- _EXERCISE PROMPT_:
Restate exactly, and only, the lines from the one with "valdo traukinio judėjimą." through the end of the data, with both of those end lines kept. Drop any pictures.

- _INFORMATION SHOWN_:
━━━━

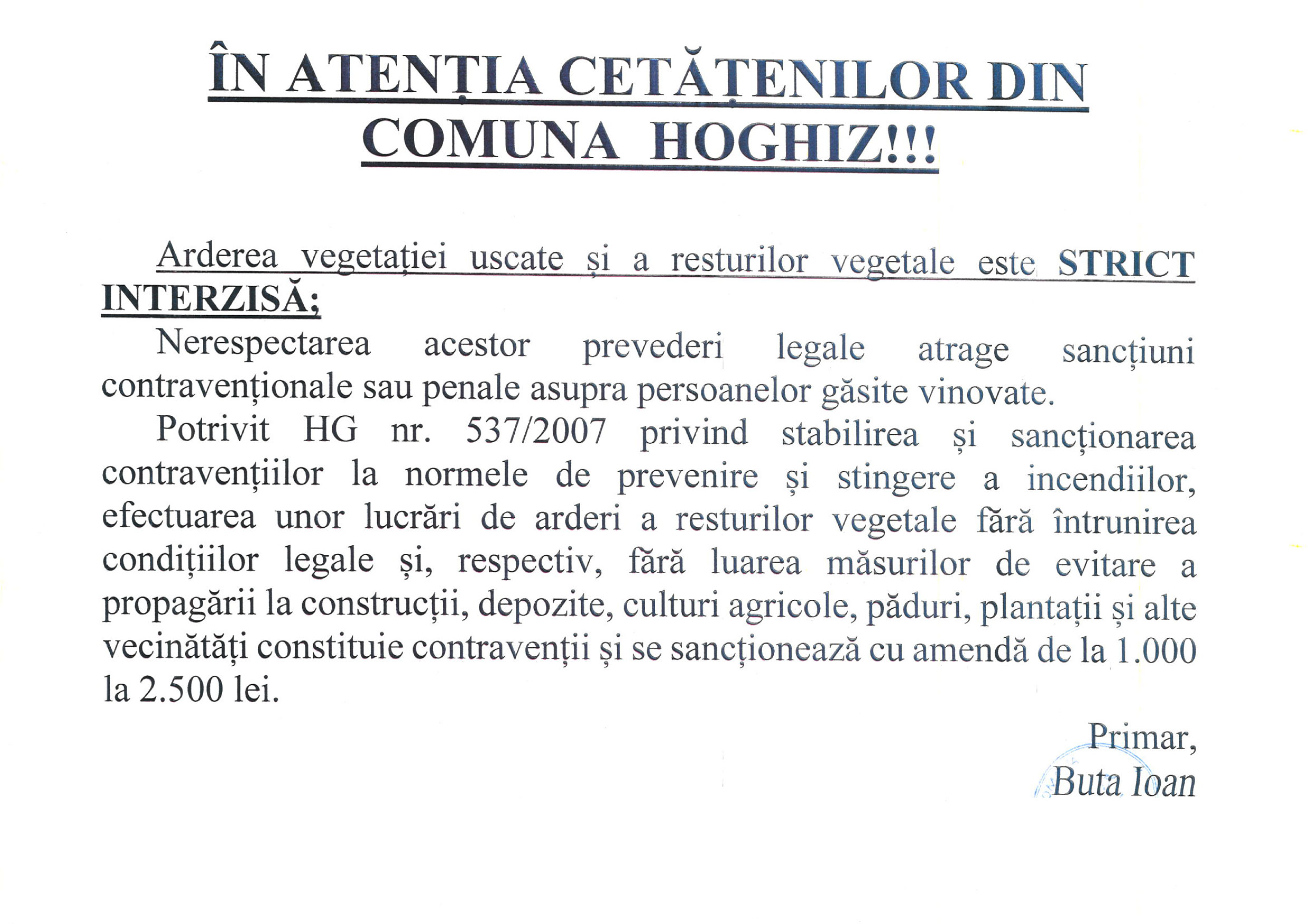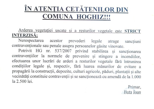 ÎN ATENȚIA CETĂȚENILOR DIN COMUNA HOGHIZ! Arderea vegetației uscate și a resturilor vegetale este STRICT INTERZISĂ.
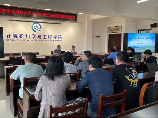 2022年5月11日下午,桂林电子科技大学王子民博士受邀来我院作XCPC-大学生程序设计大赛经验交流讲座。学院专业负责人、教研室主任及年轻教师集体聆听了讲座。
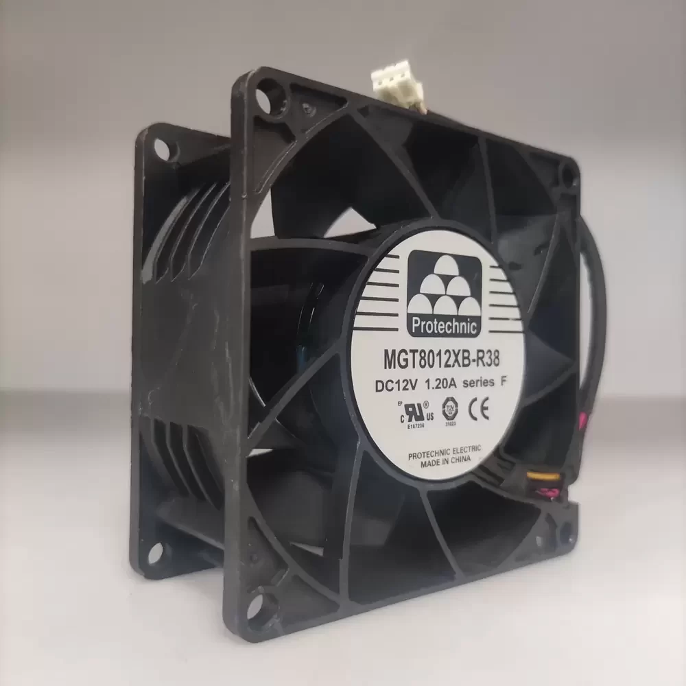 The Magic MGT8012XB-R38 is a high-performance industrial cooling fan designed to meet the rigorous thermal demands of power supply units and server equipment. Featuring a robust 80mm frame and a high-speed motor, this unit delivers substantial airflow to effectively dissipate heat from critical components. Built with dual ball bearings, it ensures long-term reliability and stable operation, making it an exact replacement for specific UPS models and a versatile choice for heavy-duty electronics.
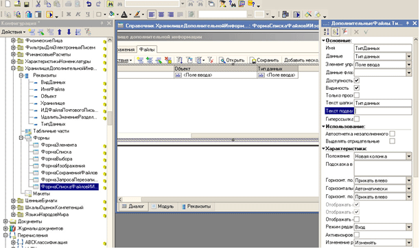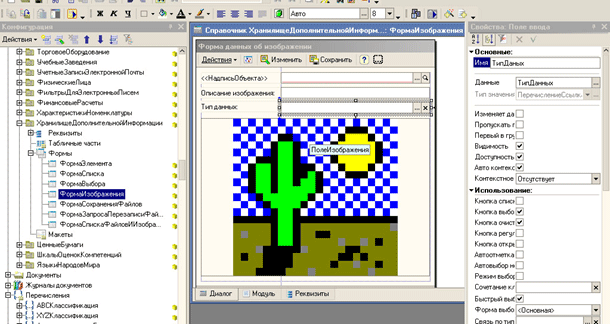 Текущая версия Каталога товаров позволяет задать до трех изображений (изображение, маленькое изображение, большое изображение), и не ограниченное число дополнительных файлов. В хранилище дополнительной информации, на форму ФормаИзображения («Форма данных об изображении») добавляем поле ввода «Тип данных», как показано на рис. 14.
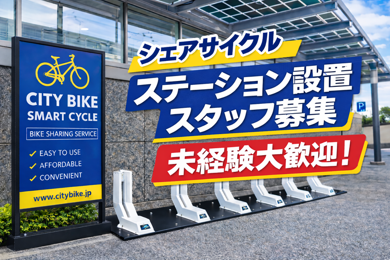 仕事内容 未経験でも安心! 倉庫内でのシェアサイクル(電動アシスト自転車)の入出庫・組立作業と、ステーション設置作業のお仕事です。 作業はシンプルで、未経験の方でもすぐに覚えられます。 【主な作業内容】 ① 自転車の受け入れ ② 開梱作業 ③ サークル錠・車体番号の確認入力 ④ 付属品の取付・調整 ⑤ 出荷のための整列作業 ⑥ ステーション(駐輪場)部材の車への積み込み ⑦ シェアサイクルステーション(駐輪場)の設置作業 ※ステーション(駐輪場)設置は指示された場所まで車で移動し、現地で組立・設置を行います。
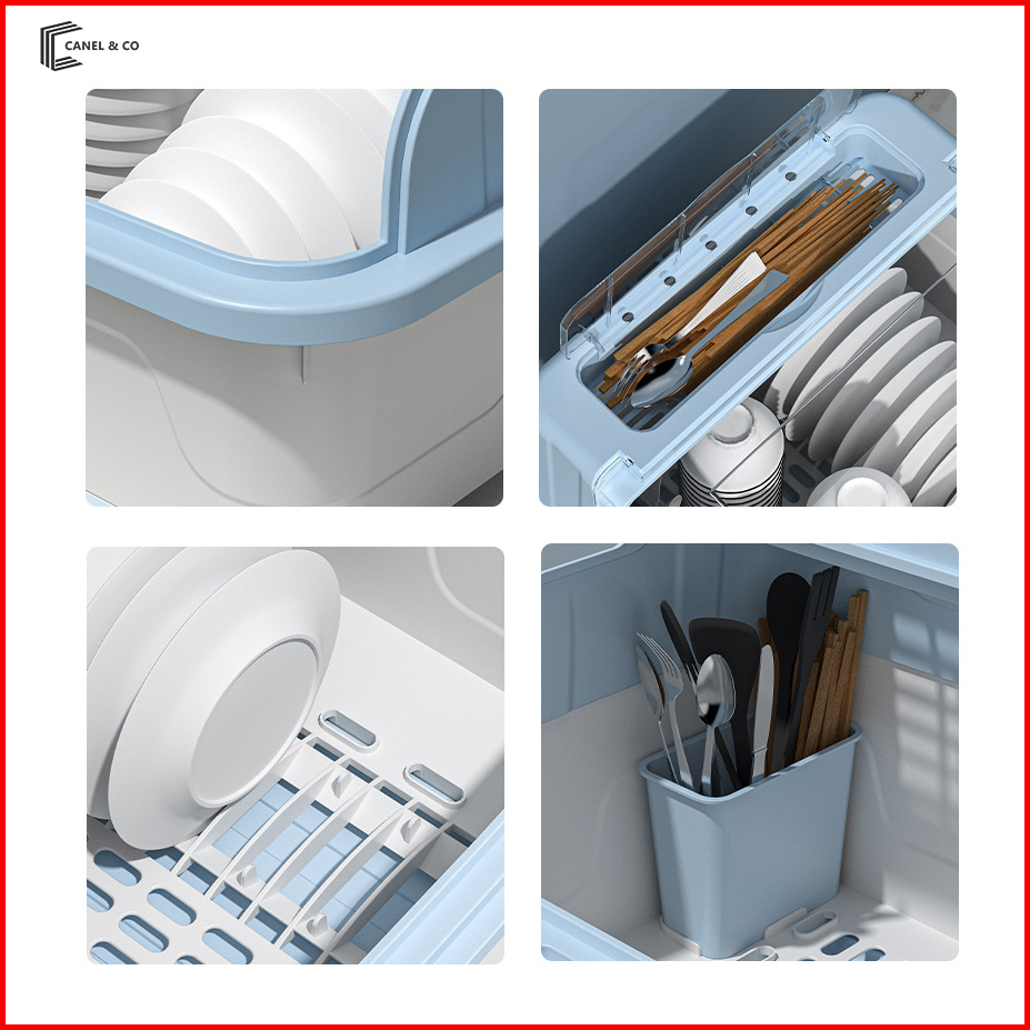 Canel Co Tutup Rak Piring Plastik Rak Pengering Air Mangkok Rak Piring Dengan Tutup Rak Mangkok Sendok Garpu Rak Dapur
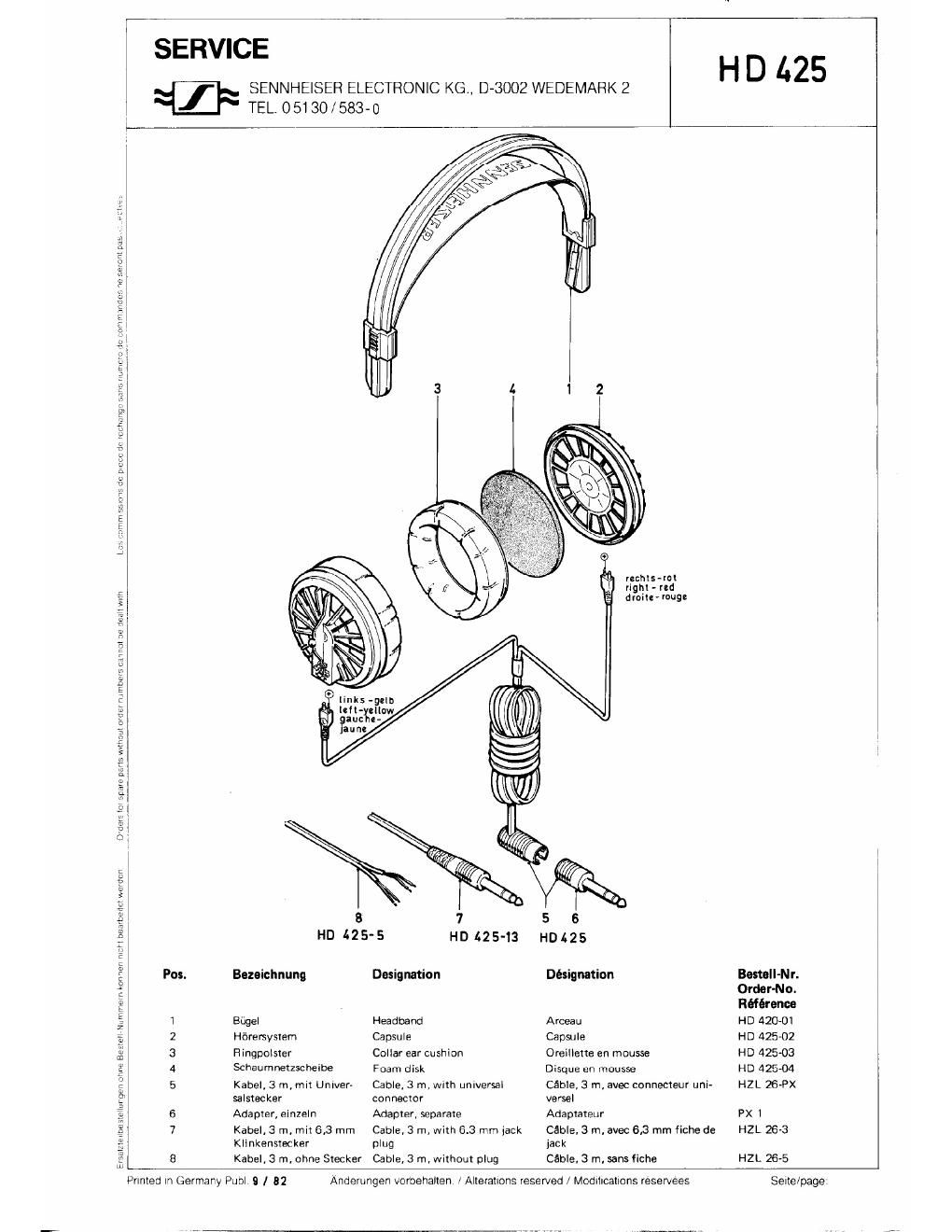 This is the 1 pages manual for sennheiser hd 425 service manual.
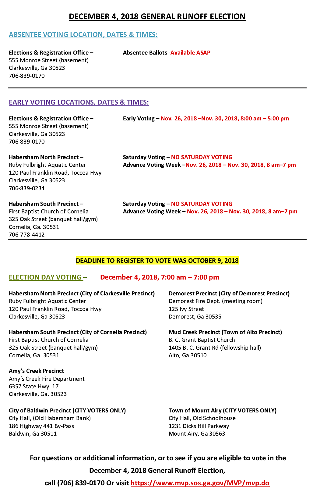Absentee ballots will be available soon, according to the Habersham County Elections Office. Early voting is Nov. 26-30. Polls will be open weekdays at the Habersham County Elections Office in Clarkesville from 8 a.m.-5 p.m. and at the Ruby Fulbright Aquatic Center and First Baptist Church of Cornelia from 8 a.m.-7 p.m.
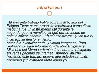 El documento describe la máquina Enigma, un dispositivo criptográfico inventado en 1919 que fue utilizado por Alemania durante la Segunda Guerra Mundial para cifrar mensajes de radio. La máquina Enigma consistía en un teclado, un modificador rotativo que codificaba las letras, y un tablero de luces que mostraba la letra codificada. Aunque los alemanes creían que su código era indescifrable, los británicos eventualmente pudieron romperlo usando máquinas como la bomba y la computadora Colossus, desarroll
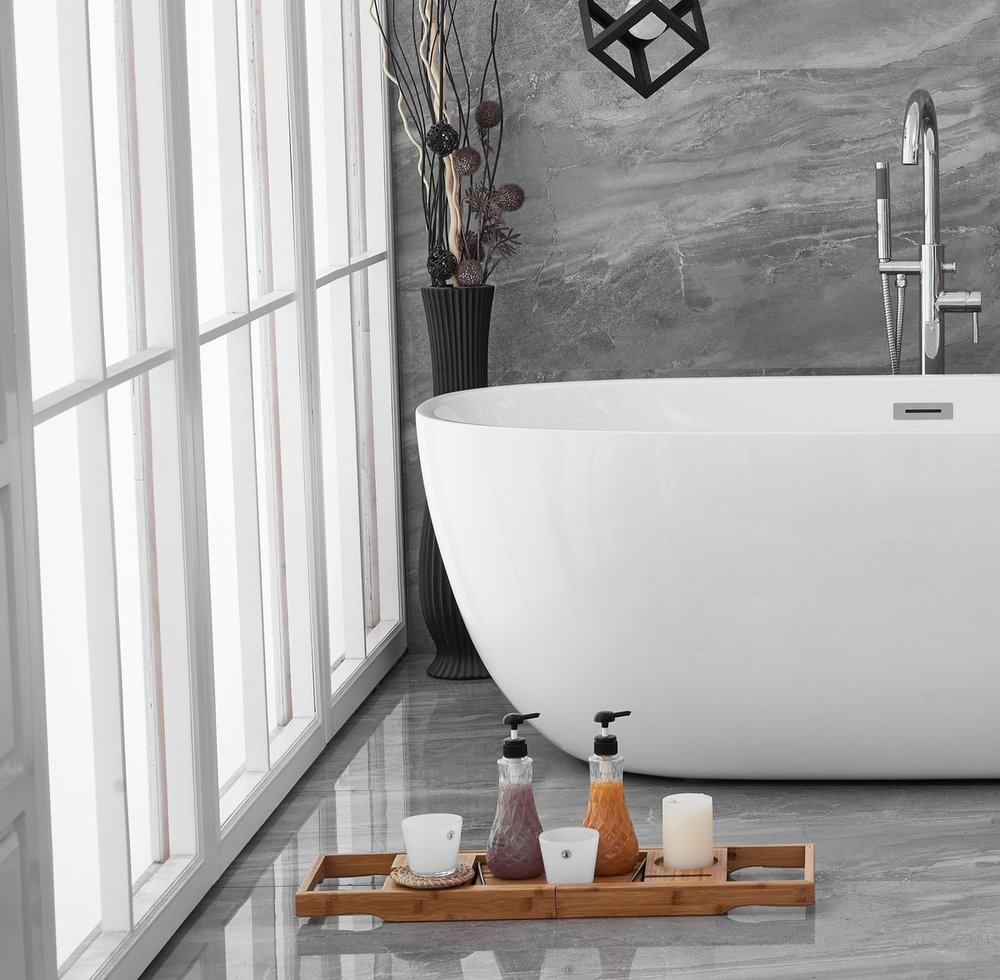 The curvature of this 70" roll top style bath tub allows for comfortable seating--and wouldn't you want to be as comfortable as possible while having a relaxing soak? The glossy white finish adds peaceful modernity to any bathroom--discard all your worries and bathe in elegance.
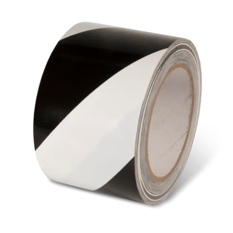 Black/White hazard stripe conformable vinyl tape is commonly used in aisle marking and pipe color banding applications. These tapes are made from a durable PVC film with a rubber adhesive system that will adhere to most any clean, dry surface. Tapes are matte, smooth and conformable which is great for marking hazards on floors, walls and equipment. Used in aisle demarcation, color coding and pipe marking applications. All tapes offer excellent durability and chemical resistance.
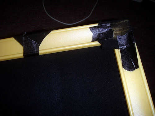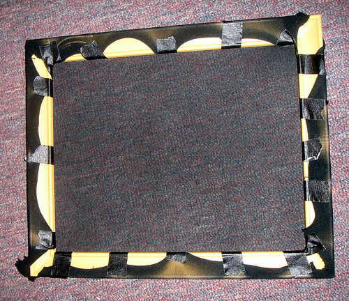 Este bit siguiente es complicado. Las medias de nylon no quiso permanecer estirado para grabarlo era un poco de un problema. La cinta en el cuadro no es cinta de pato, aunque deseo que era. Algo realmente pegajosa será mejor. Después de la lucha libre un poco, me alojé.
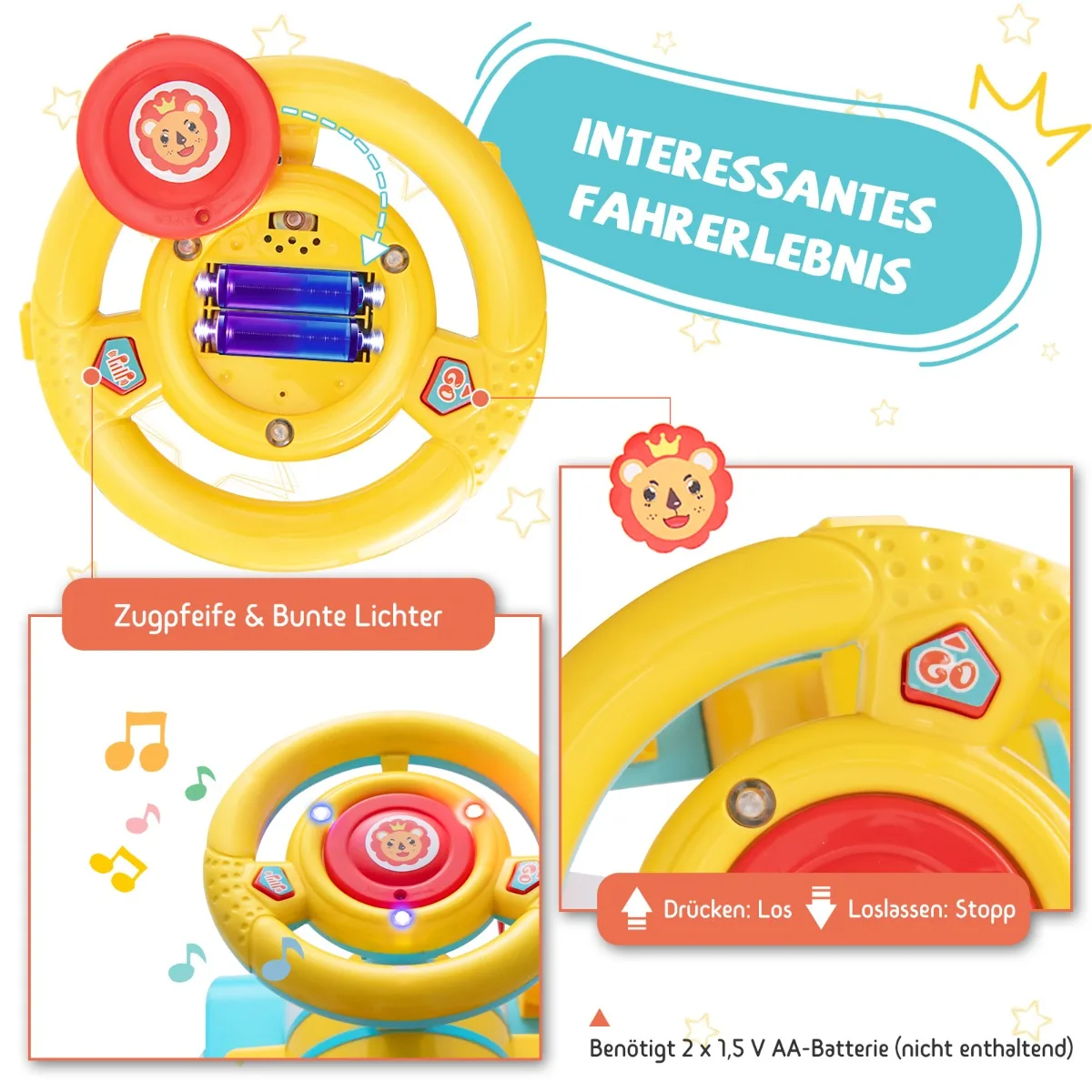 • Daugiafunkcis vairas su dviem mygtukais – vienas skleidžia garsus ir šviesas, kitas valdo traukinio judėjimą.
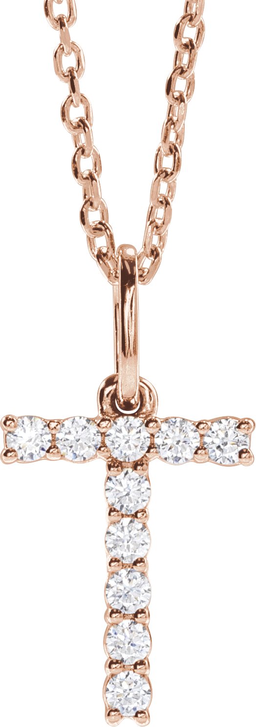 14K Rose 1/6 CTW Lab-Grown Diamond Initial T 16-18" Necklace
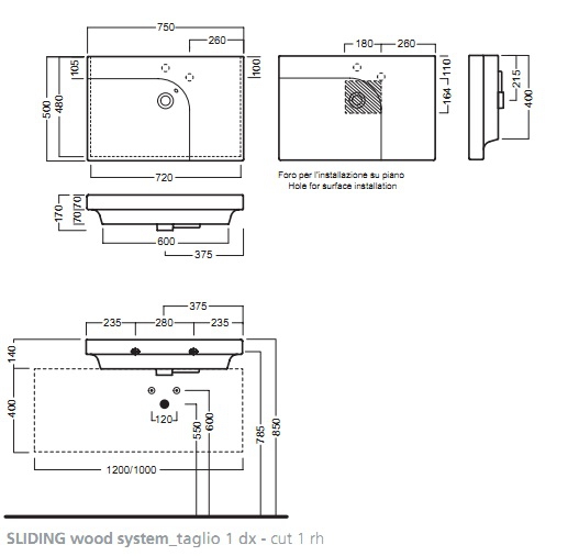 → Тумба под накладной умывальник Hatria Sliding Cut 3 Right 120 см
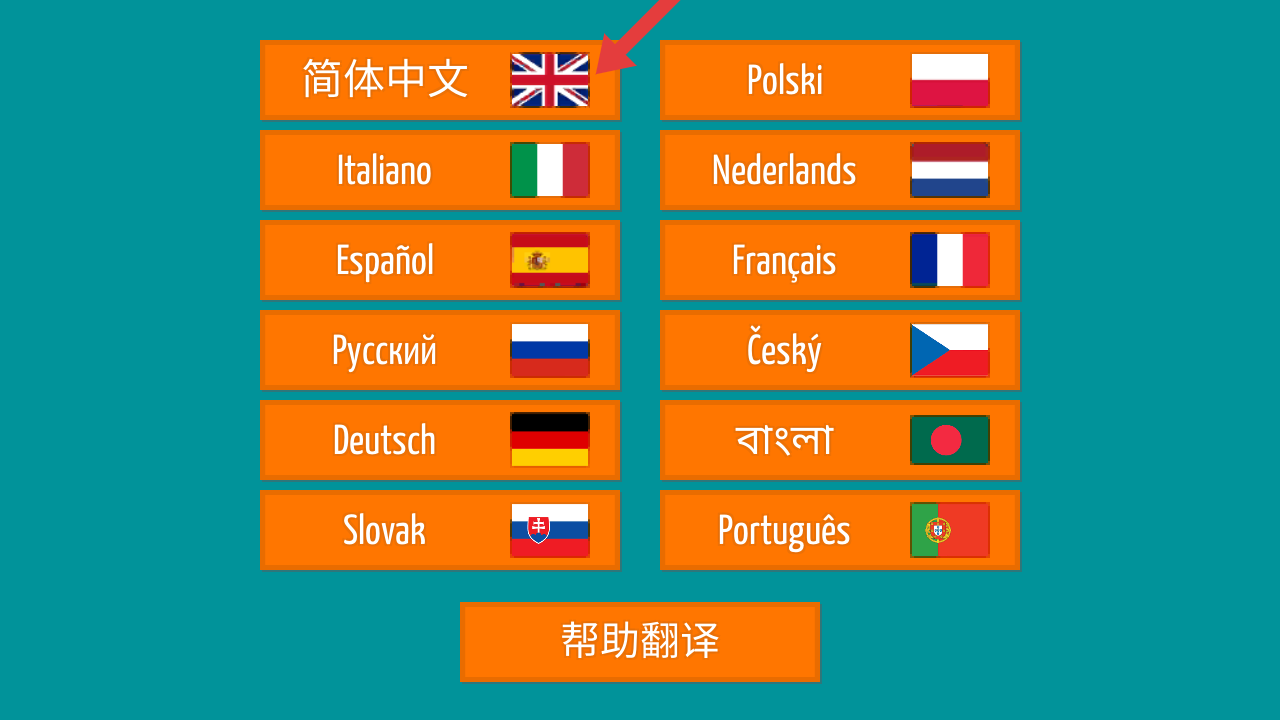 1、在语言选择界面,点击【简体中文】对应的选项(箭头指向处),设置游戏语言为简体中文,方便理解游戏内容。
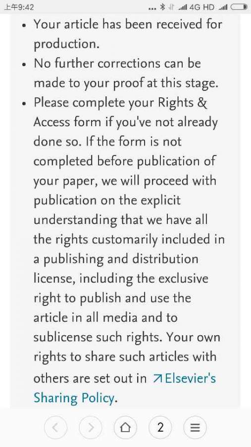 请问到这步了,如何完成rights and access form,我并没有收到版权协议或者出版形式表啊!offprint order form 和 colour order form 也没有收到 发自小木虫Android客户端 |

━━━━

- _RESPONSE_:
 • Daugiafunkcis vairas su dviem mygtukais – vienas skleidžia garsus ir šviesas, kitas valdo traukinio judėjimą.
 14K Rose 1/6 CTW Lab-Grown Diamond Initial T 16-18" Necklace
 → Тумба под накладной умывальник Hatria Sliding Cut 3 Right 120 см
 1、在语言选择界面,点击【简体中文】对应的选项(箭头指向处),设置游戏语言为简体中文,方便理解游戏内容。
 请问到这步了,如何完成rights and access form,我并没有收到版权协议或者出版形式表啊!offprint order form 和 colour order form 也没有收到 发自小木虫Android客户端 |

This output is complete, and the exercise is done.